Pensioners face £200m tax gamble
Inland Revenue officials have this week been accused of hardline tactics that force pension fund trustees to gamble with millions of pounds of pensioners' money.
Inland Revenue officials have this week been accused of hardline tactics that force pension fund trustees to gamble with millions of pounds of pensioners' money.
The row has erupted following a landmark decision last week over the tax treatment of a series of share buybacks by companies between September 1994 and October 1996.
Despite losing the judgment, the Revenue is still trying to claw back the resulting tax credits gained by the pension funds who owned bought-back shares before an appeal is heard.
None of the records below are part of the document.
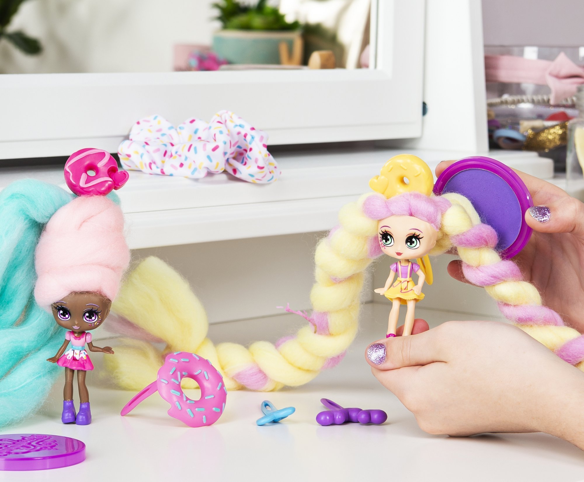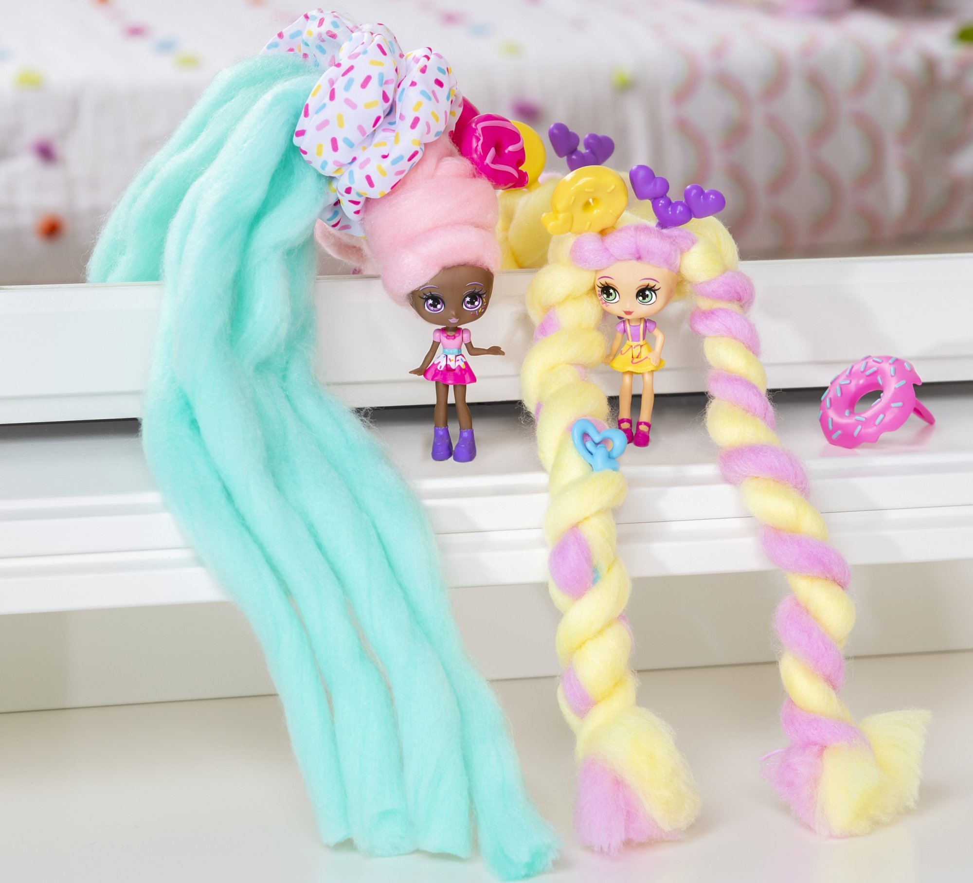 Lalki mają ok. 7,5 cm wysokości, natomiast ich włosy aż 38 cm długości! Dzięki unikalnej teksturze włosów można tworzyć z nich przeróżne fryzury, nawet bez użycia szczotki i innych akcesoriów do stylizacji. Dodatkowo włosy są pachnące, co dodatkowo umili zabawę. Do zestawu dołączono także akcesoria ozdobne.
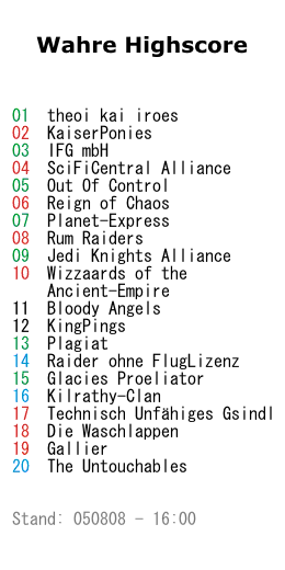Durch Krieg und Bomben beeinträch- tigt, verliert [KP] den ersten Platz an [halos]. Die oberen vier Plätze bleiben dennoch die üblichen Verdächtigen. [OOC] auf Platz 5 ist jedoch neu, eine weitere Folge der Fusion mit Teilen von [MARVEL]. Ein weiterer Teil gründete die Allianz [ROFL] neu und schaffte es auch gleich auf Platz 14 der Wahren Highscore. Die größten Aufsteiger sind [GP], [PLEX] und [Plagiat], deutlich abwärts geht es für [Gallier], [-AE-] und [TUGv2]. Neu in der Liste sind [Kilrathy] und [-Untouch-], während [-=Pergon=-] und [III] selbige wieder verlassen haben.
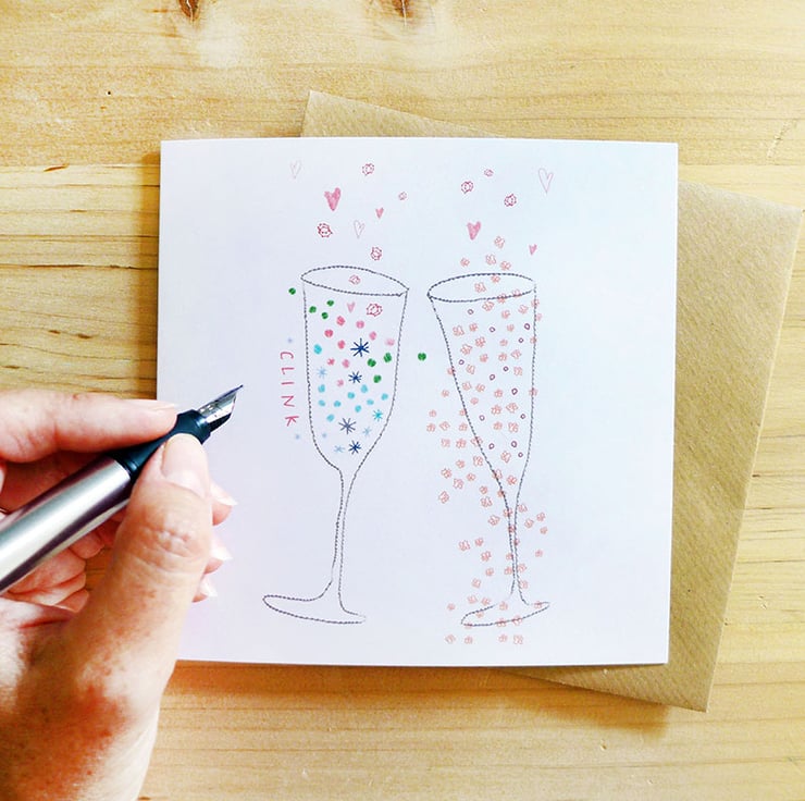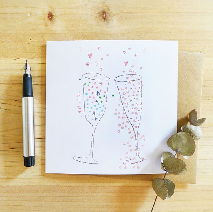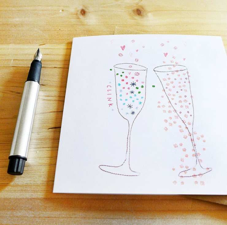 A gorgeous card for all occasions worth celebrating with fizz! Featuring Charlotte's embroidered illustrations of champagne glasses and added hand-illustrated elements.
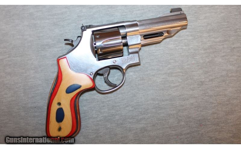 Description: Appears as new, comes with original box. Large frame S&W Performance Center revolver, 4" heavy barrel with shrouded ejector, stainless finish, adjustable sights, 6 shot fluted cylinder, checkered hammer & cylinder latch, and laminated smooth wood grips. .45 Auto SOLD Chambers: Revolver Metal Condition: As new Bore Condition: Bright Barrels: 4 Triggers: Double and single action Butt Pad: Wood grips Item Location: La Vista, NE |
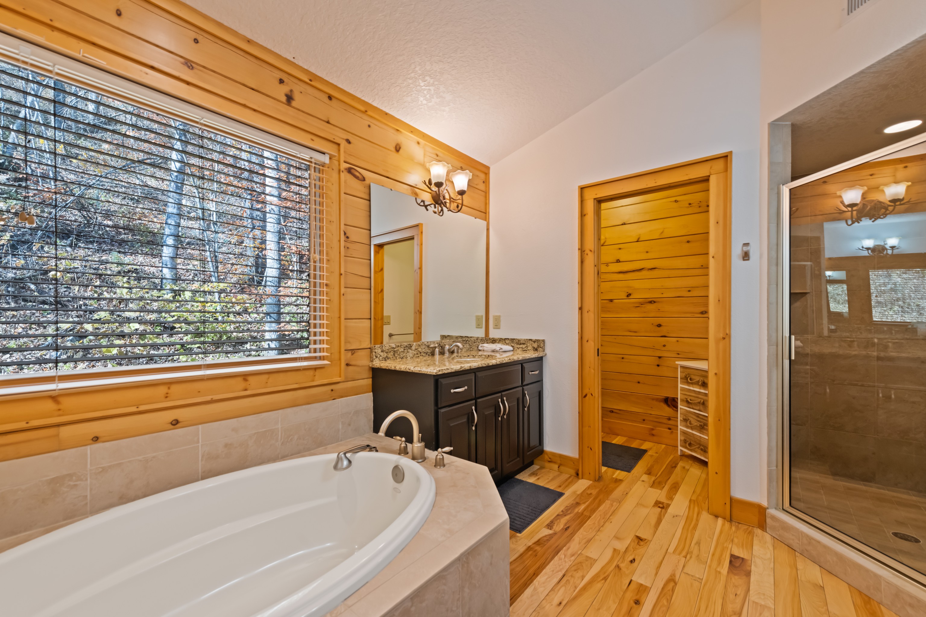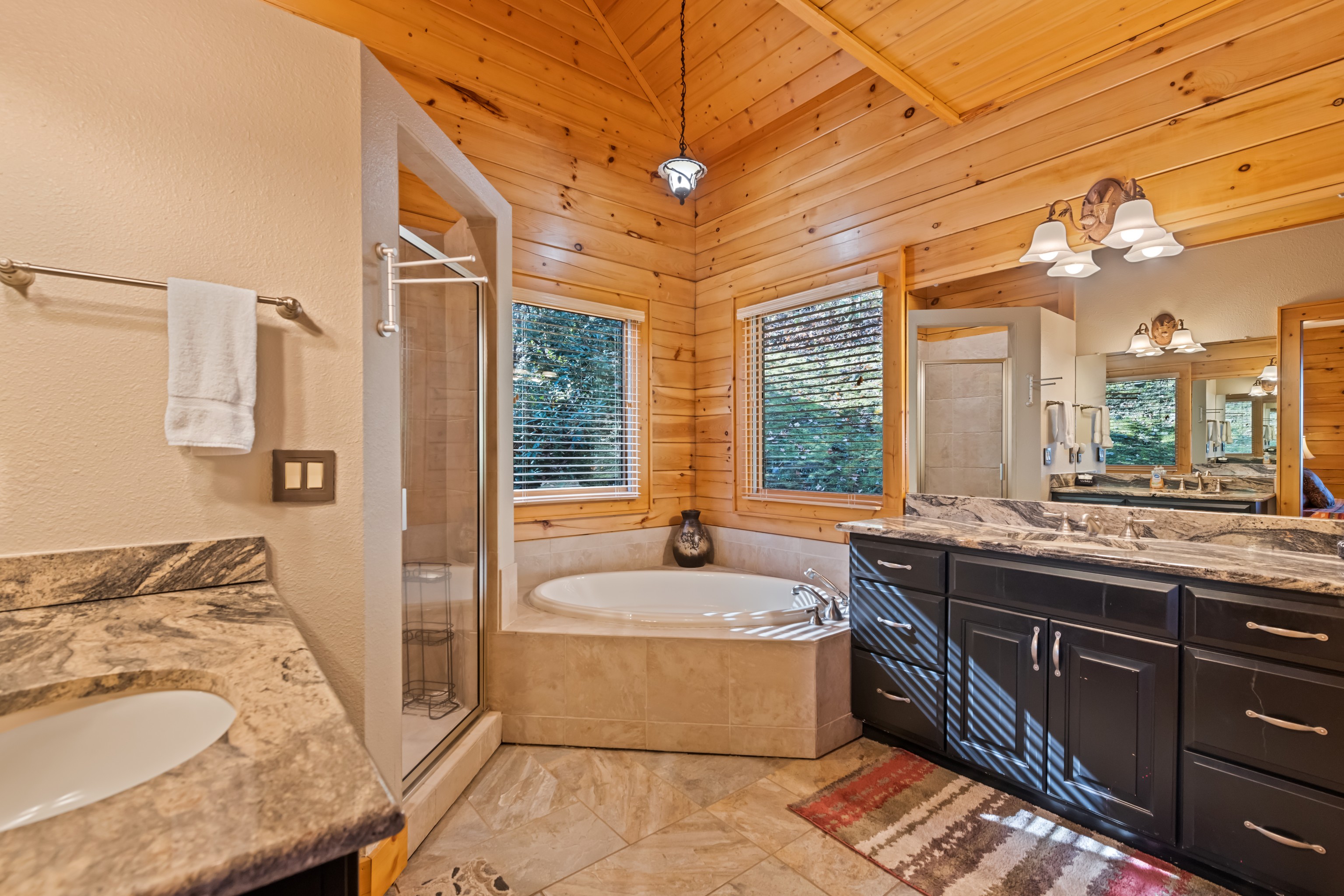 1st Floor: Living Room, Kitchen, Wood Fireplace, Stainless steel appliance, Dining Room table for 4, Covered porch with dining table for 6, breakfast bar, spacious kitchen, Master King bedroom with full bathroom, garden tub, walk-in shower

Tax experts say around Pounds 200m is at stake.
Pension funds that benefited from the schemes now face the choice of settling the long-running dispute or having to pay back the credits in full if the appeal by the taxman is successful.
The Inland Revenue Special Commissioners’ decision related to two share buybacks in 1996 by utility giant Powergen from the pension fund of Omega.But it has now emerged that the Revenue, which is appealing against the decision, has
told pension fund trustees they could reach a settlement now to avoid paying back the full amount if the appeal goes in the Revenue’s favour. ‘This places trustees in a very difficult position,’ said one source close to the case.
If the appeal failed, the pension funds would not be required to return tax credits, and other funds which had settled prior to the judgement could be able to re-negotiate with the Revenue. ‘In some cases you are talking about seven-figure amounts,’ said Paul Lynam, tax director at KPMG. ‘Trustees will need to decide what to do with their pensioners’ money,’ he added.
A Revenue spokesperson denied the investigators were putting pension fund trustees under pressure to settle.